Me freaking out and so nervous not having a clue on what Im supposed to do...stealer too, lol!

She was taken straight out of the paddock as a yearling with very little handling(was hardly leading LOL) so we were both dropped in at the deep end

:lol:

HUH?







Can you tell im nervous? LOL






Lol...so much for "setting up"...shes facing the wrong way! LOL






Our most recent shows




















Comon! now lets see yours!


----------



## Jill (Feb 13, 2008)

This is my first show horse, *Triple H Derby Day Miracle*. I bought Derby as a yearling in 2001. He was shown as a junior and senior stallion to multiple halter Championships and a National Top 5 in performance. I had him gelded in 2005 and love him just as much as ever


----------



## Devon (Feb 13, 2008)

My Wee Man


----------



## SHANA (Feb 13, 2008)

Well my first offical show horse that I owned was Pasos Flame, a arabian mare I got for my 13th birthday. I had shown before but on school horses.
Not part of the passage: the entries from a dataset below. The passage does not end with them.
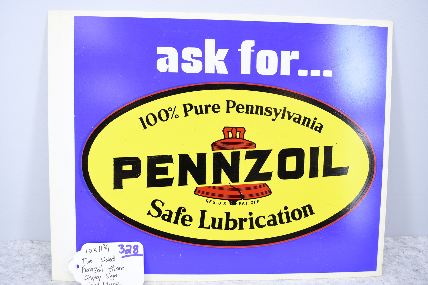328. 2-Sided Pennzoil Store Display Sign – Hard Plastic – 11¾” Wide x 10” High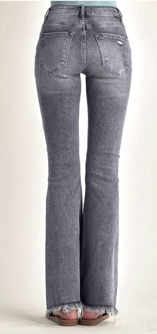 Risen - Mid Rise Distressed Ankle Flare Jeans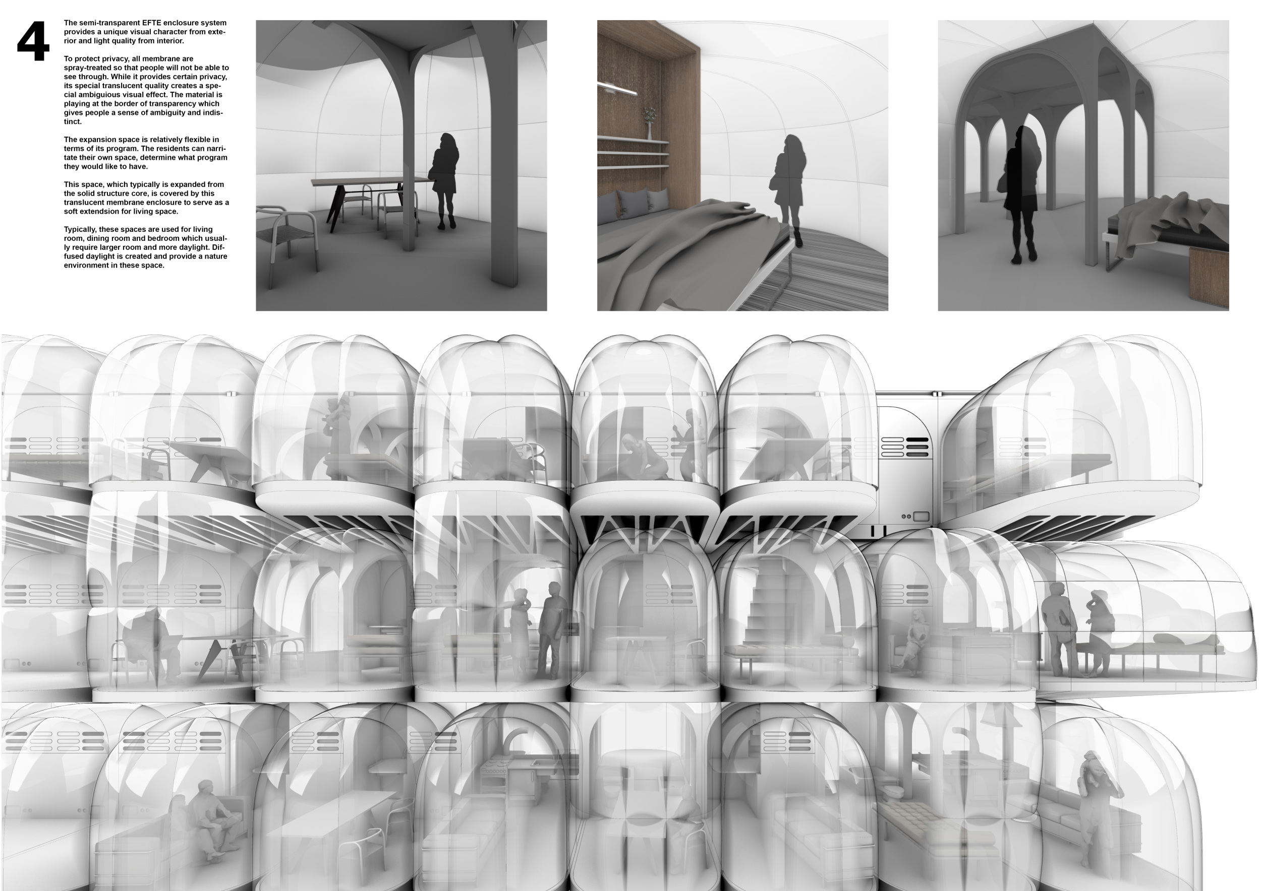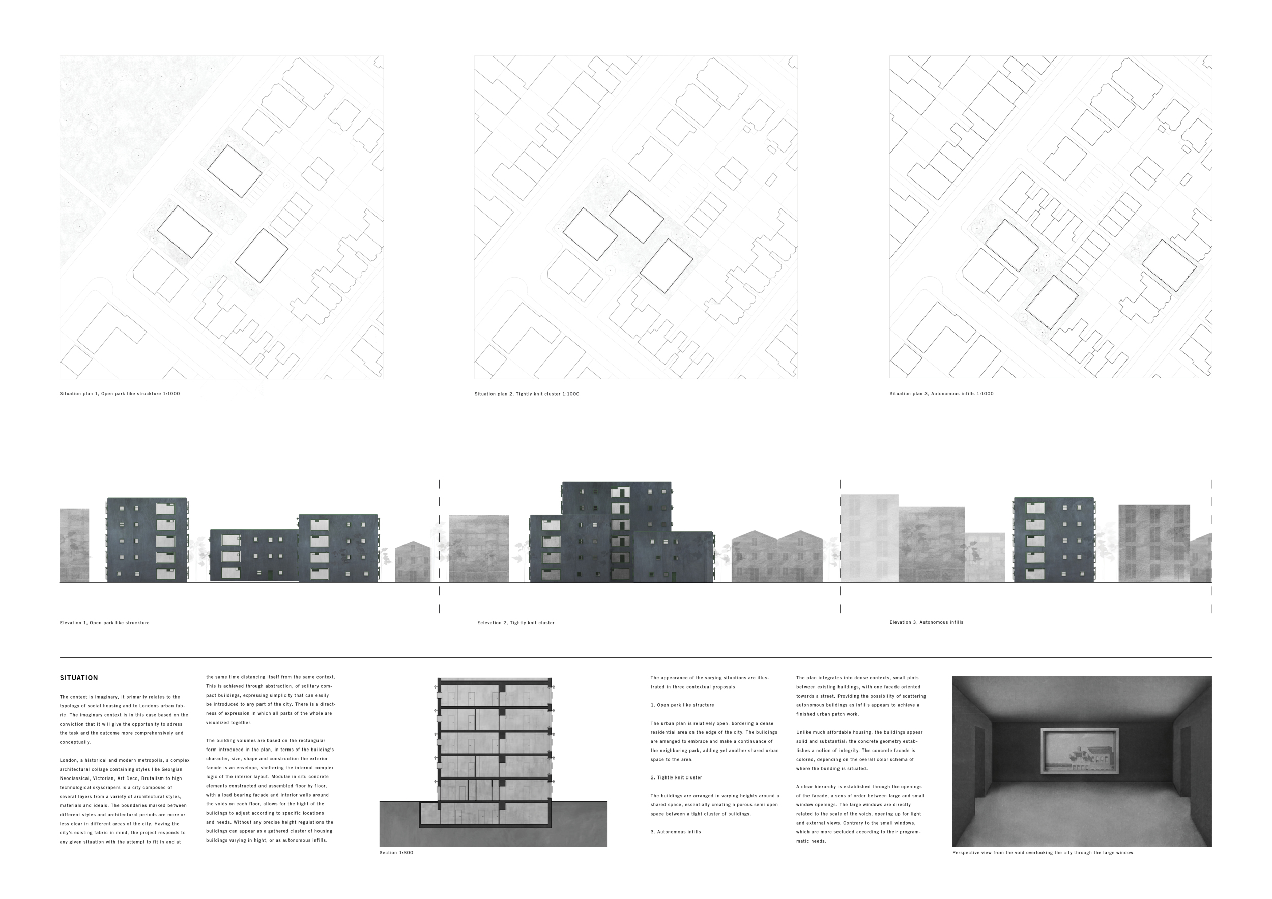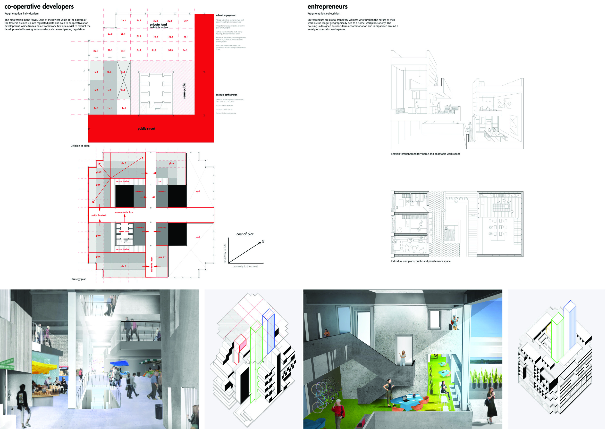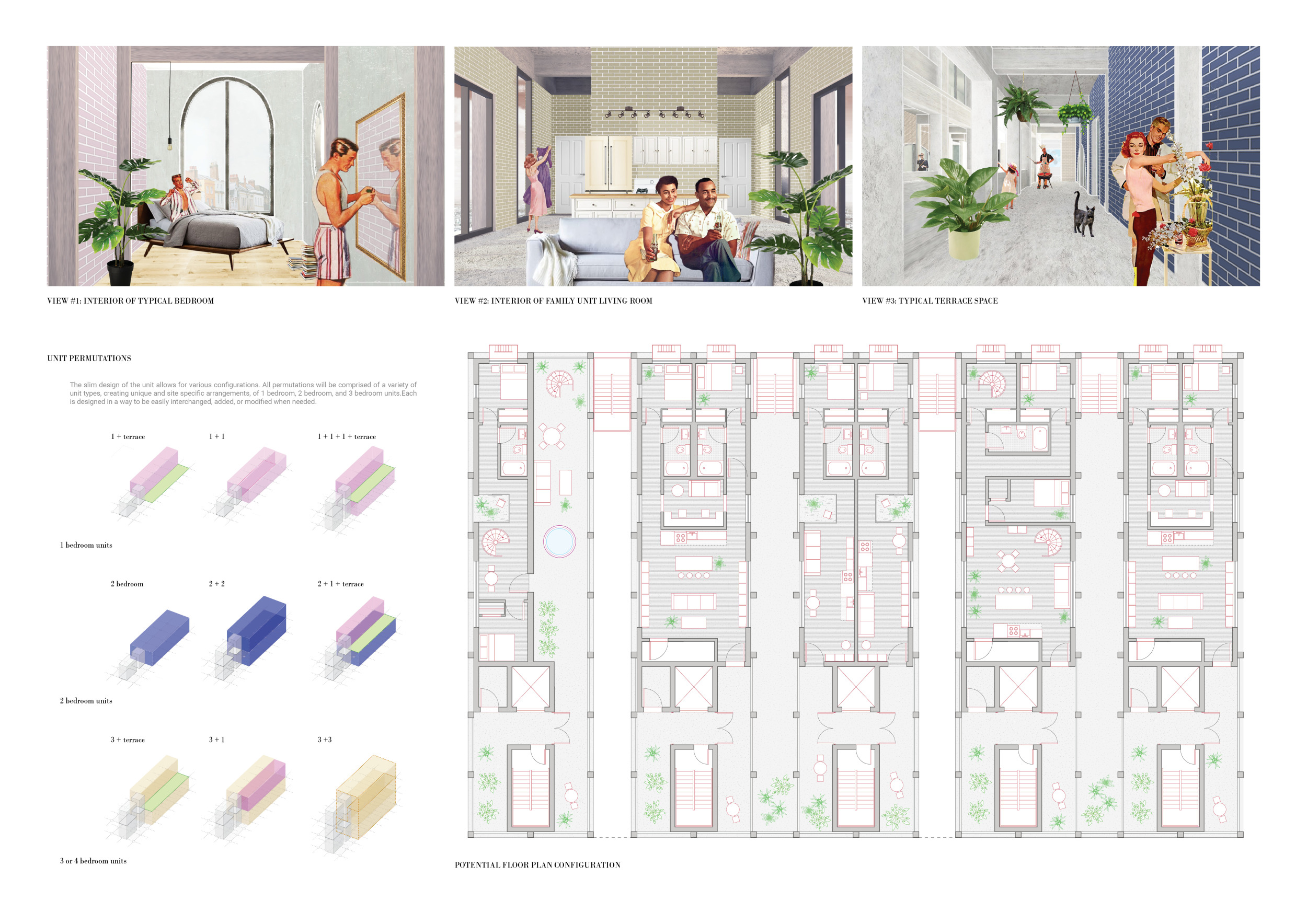 This project, titled Informal Intimacy, seeks to establish a new architecture for social housing using modernist principles. In its simplicity and austerity it offers flexibility, with a wide range of spatial combinations that relate to people’s wide-ranging identities. The submission states: “The project dismisses the idea of social housing being an architecture based on standardized minimums, a one size fits all, instead the architectus is established as a field of opportunities.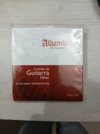 Juego de cuerdas para guitarra clásica Alhambra. - Modelo: Cuerdas de Guitarra Silver - Tensión: Extra Hard Tension Silver - Fabricado en USA. Compradas por error, utilizo light tension.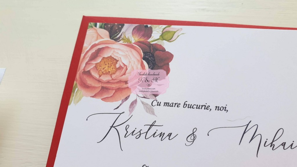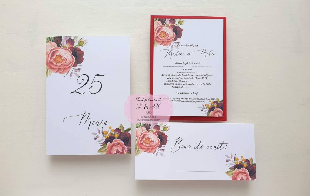 Invitatie, meniu si plic de bani/card de asezare cu flori grena

My first miniature horse I have shown is Cool Running Sanka SPH whom I got in 2003.


----------



## Lisa Strass (Feb 13, 2008)

I'd have to dig up pictures of the first horses I "showed". They were just ranch horses, but I wanted to show sooo bad.





My first real show horse was Rockets Red Jet. He was an amazing all-around horse.






My first ever mini who turned out to be an awesome show horse, Martin's Doctor Z. Our first year together, he and I were the

1989 National Reserve Champion Youth Pleasure Driving

1989 National Reserve Champion Youth Roadster


----------



## heavensminis (Feb 13, 2008)

This was my first show and we had a blast.

Her name is [SIZE=12pt]Dave's Choice[/SIZE]--we call her Choicey. We are at the Area III show here.






Here are some of our other show pics- [SIZE=12pt]Heavens Gypsy Rose[/SIZE]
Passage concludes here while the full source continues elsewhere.